ARMOUR Residential REIT, Inc.
3001 Ocean Drive, Suite 201
Vero Beach, Florida 32963

Re: Shelf Registration Statement on Form S-3 (Registration No. 333-253311)
Ladies and Gentlemen:
Reference is made to the Registration Statement on Form S-3 (Registration No. 333-253311) (the “Registration Statement”) filed with the Securities and Exchange Commission (the “Commission”) on February 19, 2021 by ARMOUR Residential REIT, Inc. (the “Company”) pursuant to the requirements of the Securities Act of 1933, as amended (the “Act”). We are rendering this opinion letter in connection with the filings of the prospectus supplements dated March 12, 2021 (collectively, the “Prospectus Supplements”). The Prospectus Supplements relate to separate offerings comprised of the following shares of capital stock of the Company, covered by the Registration Statement: (1)(a) up to 187,555 shares of common stock, par value $0.001 per share (the “Common Stock”), pursuant to the Company’s 2012 Dividend Reinvestment and Stock Purchase Plan and (b) up to 3,750,000 shares of the Common Stock pursuant to the Company’s 2013 Dividend Reinvestment and Stock Purchase Plan. We understand that the shares of the Common Stock (the “Common Shares”) described above are to be offered and sold in the manner set forth in the Registration Statement and the applicable Prospectus Supplement.

We have acted as your counsel in connection with the preparation of the Prospectus Supplements. We are familiar with the proceedings taken by the Board of Directors of the Company in connection with the authorization, issuance and sale of the Common Shares. We have examined all such documents as we have considered necessary in order to enable us to render this opinion letter, including, but not limited to, (i) the Registration Statement, (ii) the Base Prospectus, dated February 19, 2021, included with the Registration Statement (the “Prospectus”), (iii) the Prospectus Supplements, (iv) the Company’s Articles of Incorporation, as amended, (v) the Company’s Bylaws, as amended, (vi) certain resolutions adopted by the Board of Directors of the Company, (vii) corporate records and instruments, (viii) a specimen certificates representing the Common Shares, and (ix) such laws and regulations as we have deemed necessary for the purposes of rendering the opinion set forth herein. In our examination, we have assumed the genuineness of all signatures, the legal capacity of all natural persons, the authenticity of and conformity to originals of such documents that have been presented to us as duplicates or certified or conformed copies, the accuracy, completeness and authenticity of originals, the due execution and delivery of all documents (except that no such assumption is made as to the Company) where due execution and delivery are a prerequisite to the effectiveness thereof, and that the Common Shares will be issued against payment of valid consideration under applicable law. As to any facts material to the opinion expressed herein, which were not independently established or verified, we have relied, to the extent we have deemed reasonably appropriate, upon statements and representations or certificates of officers or directors of the Company.

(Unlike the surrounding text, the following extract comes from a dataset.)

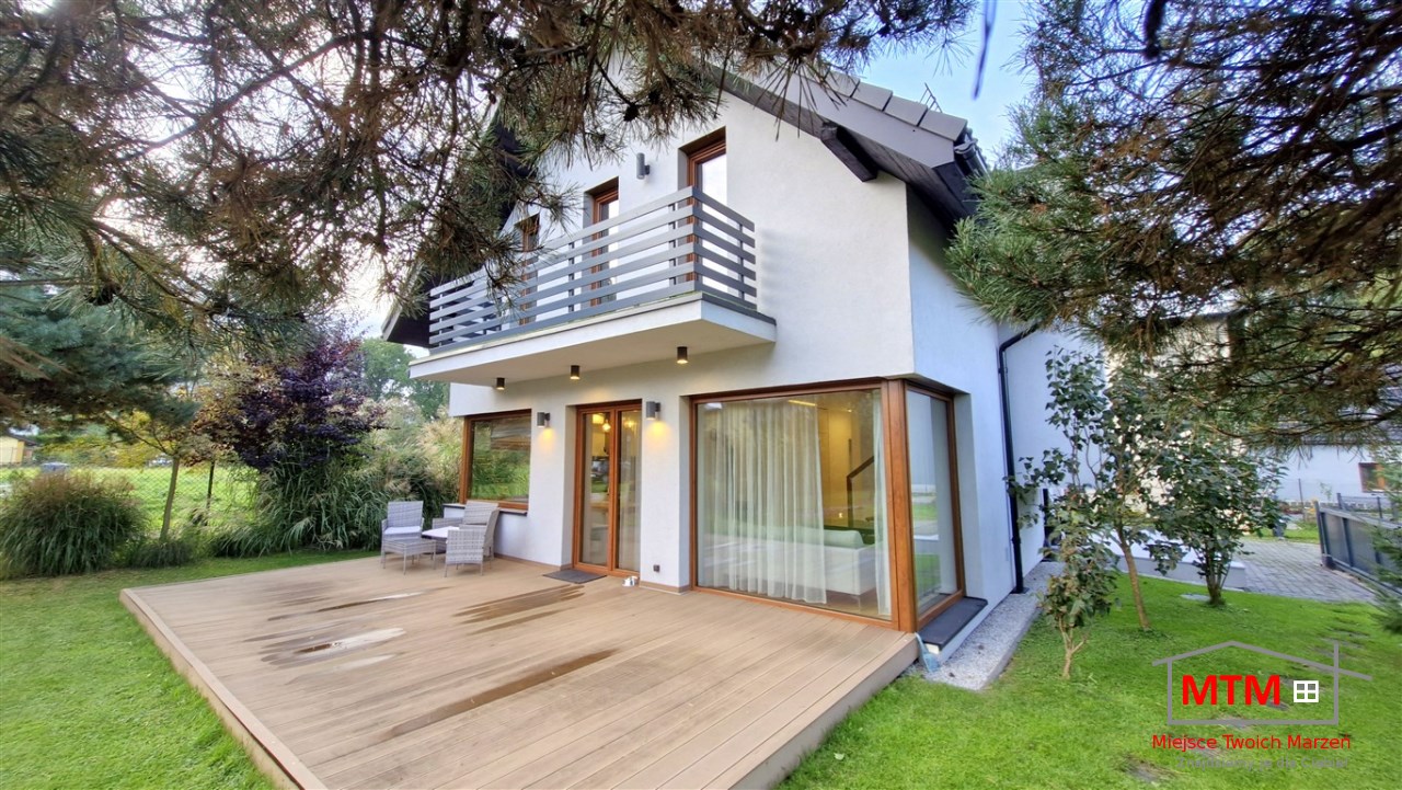 Działka o powierzchni 9,5 ara jest zadbana i zagospodarowana – budynek – nie jest to standardowa kostka – dom ma naprawdę wyjątkowy układ, który podkreśla jego nowoczesny charakter. Wnętrza są przestronne, jasne i funkcjonalne, zarówno pomieszczenia jak i ogród zapewniają dużo miejsca do życia i wypoczynku.

Based upon the foregoing, we are of the opinion that the Common Shares have been duly authorized and, when issued and delivered by the Company against payment therefor as set forth in the Registration Statement and the applicable Prospectus Supplement, will be validly issued, fully paid and non-assessable.

The opinion expressed herein is limited to the federal securities laws of the United States of America and the corporate laws of the State of Maryland and we express no opinion as to the effect on the matters covered by the laws of any other jurisdiction. We assume no obligation to supplement this opinion letter if any applicable law changes after the date hereof or if we become aware of any fact that may change the opinion expressed herein after the date hereof.

We hereby consent to the filing of this opinion letter as part of the Registration Statement and to the reference of our firm under the caption “Legal Matters” in the Prospectus Supplements. In giving such consent, we do not hereby admit that we are in the category of persons whose consent is required under Section 7 of the Act or the rules and regulations of the Commission.